As a coach, I’m a big fan of implementing recovery weeks into an athlete’s training plan and it’s something that I believe is essential in allowing them to train at a consistently high level and avoid injuries as much as possible. A recovery week is a week (or short period of time) in which an athlete’s training load will decrease in order to focus a bit more on recovery and give their body a chance to adapt to the work they’ve put in over the previous weeks of training. It’s an idea that many athletes are initially hesitant to implement as they are wary of decreasing their training; but once they do it a few times and feel the benefits, it’s something that they begin to embrace and look forward to.
When you’re training, you want to see a gradual improvement in our training over time. But when you’re training hard and constantly pushing your bodies from week to week, it can be hard to find this progression if it feels like you’re always tired. By breaking up your training into little blocks between recovery weeks, it gives us this natural progression from block-to-block. We push hard for a few weeks, recover and absorb the training, and come back again at a slightly ‘higher level’ of training and fitness.
From the mental side of things and my own personal experience; an added benefit of a recovery week is I come back feeling super motivated and ready to work hard, knowing that it’s only for a few more weeks and then I’ll get another period of recovery. Without these recovery weeks, it can be difficult to ever push too much in training as it just becomes a bit relentless and rather than having a planned period of recovery, it becomes something that is forced because of a bit of overtraining or burnout.
Recovery weeks are also hugely valuable for staying injury free or dealing with niggles.
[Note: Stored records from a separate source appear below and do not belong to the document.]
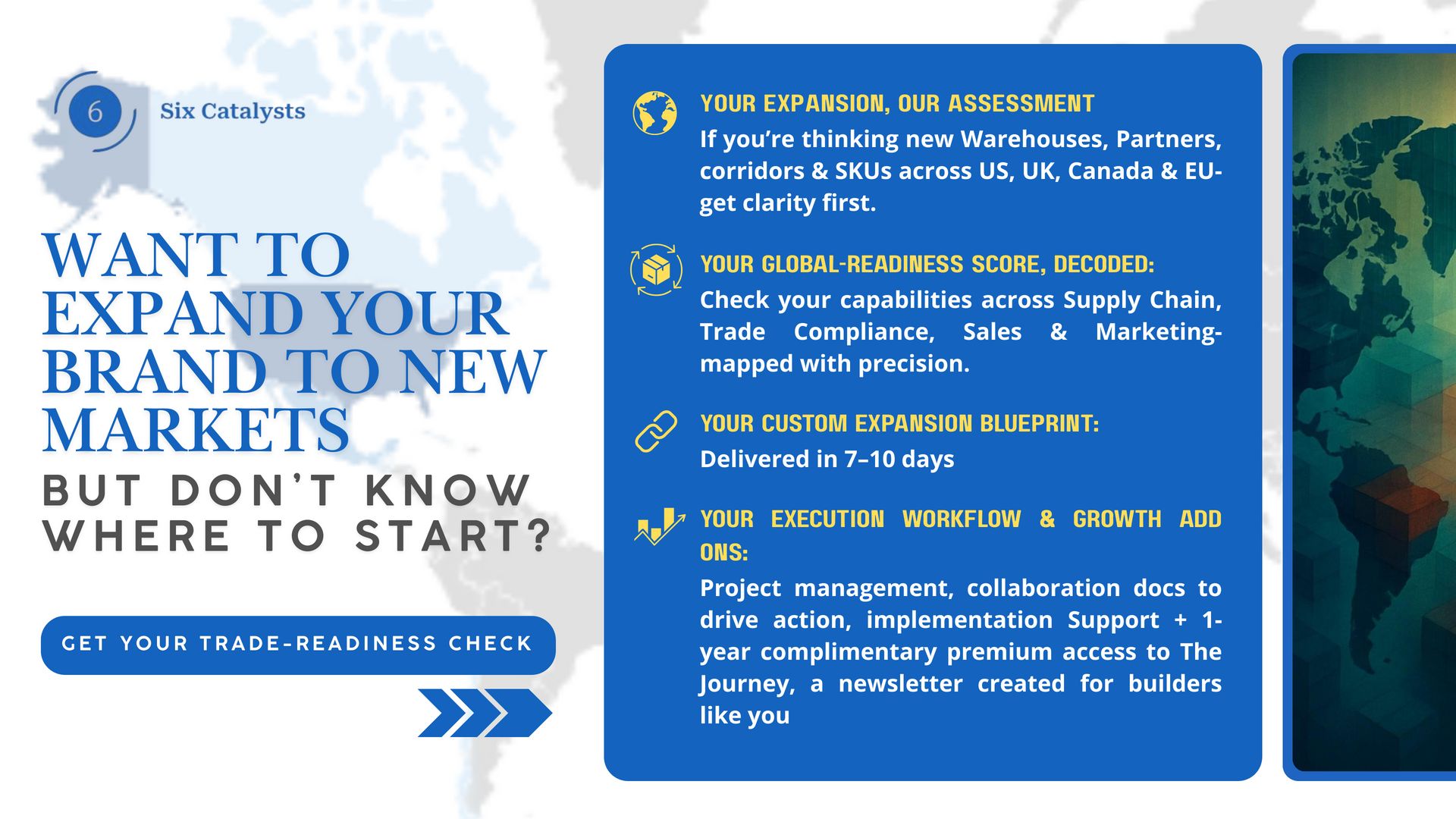 CrossDock Insights: International expansion isn’t a marketing move — it’s a supply-chain and compliance commitment. Companies burn six figures by entering new markets with weak logistics models, misaligned regulations, and fragile demand assumptions. The Trade Readiness Scorecard by Six Catalysts gives you a fast, fixed-fee gut check for the U.S., Canada, UK, or EU — no bloated consulting, no slide decks, just clarity before you commit.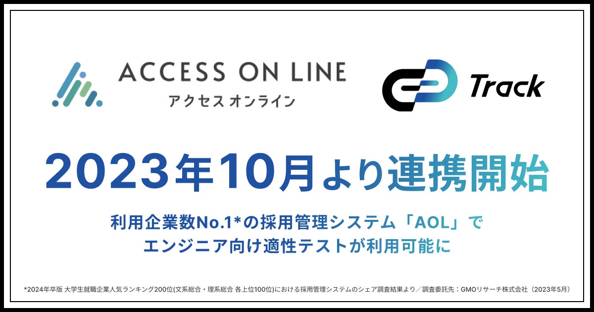 コーディングテスト「Track Test」、マイナビ社が提供する利用企業数No.1(*1)の採用管理システム「ACCESS ON LINE」と2023年10月より連携開始。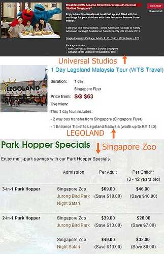 之前,乐天乐园和爱宝乐园度假村出售5件门票,只允许顾客乘坐5种车票。新加坡环球影城(Universal Studio Singapore)提供包含芝麻街(Sesame Street)特色早餐和门票的套餐,成人价格为113新币。马来西亚乐高乐园有一个包括往返巴士和门票的套餐。新加坡动物园为客户提供Park Hopper特价商品。客户可以选择3合1或2合1套餐,客户可以在购票后30天内访问两到三个乐园。

These easier weeks give us the perfect opportunity to spend a bit more time focusing on our rehab, mobility, etc. and can give us the chance to fix any issues before they become a problem.
So practically, how do we actually implement these weeks?
I like to have 3-6 weeks of ‘hard’ training followed by a recovery week. During a recovery week, we’d drop training volume to around 50-75% of usual load – depending on the athlete and how much volume they’re doing. Less experienced athletes will usually need a bigger decrease in volume. We’ll usually keep in one lighter/moderate workout for the week to maintain some stimulus, but in general we’ll keep the week to easy runs and cut out any big long runs. I also like to give athletes a bit more freedom during this week to do what they want, as it can be useful to get a mental break from the rigidity of a training schedule.
For runners who are reluctant to take recovery weeks, it’s important to remember that it’s better to take a recovery week before you need it, rather than out of necessity because you’re feeling burnt out. Once you ‘need’ a recovery week, your body has already been pushed a bit too far and will probably need even more recovery time. What we’re aiming for is to hit that sweet spot of allowing our bodies to recover before we hit a breaking point or any sort of burnout.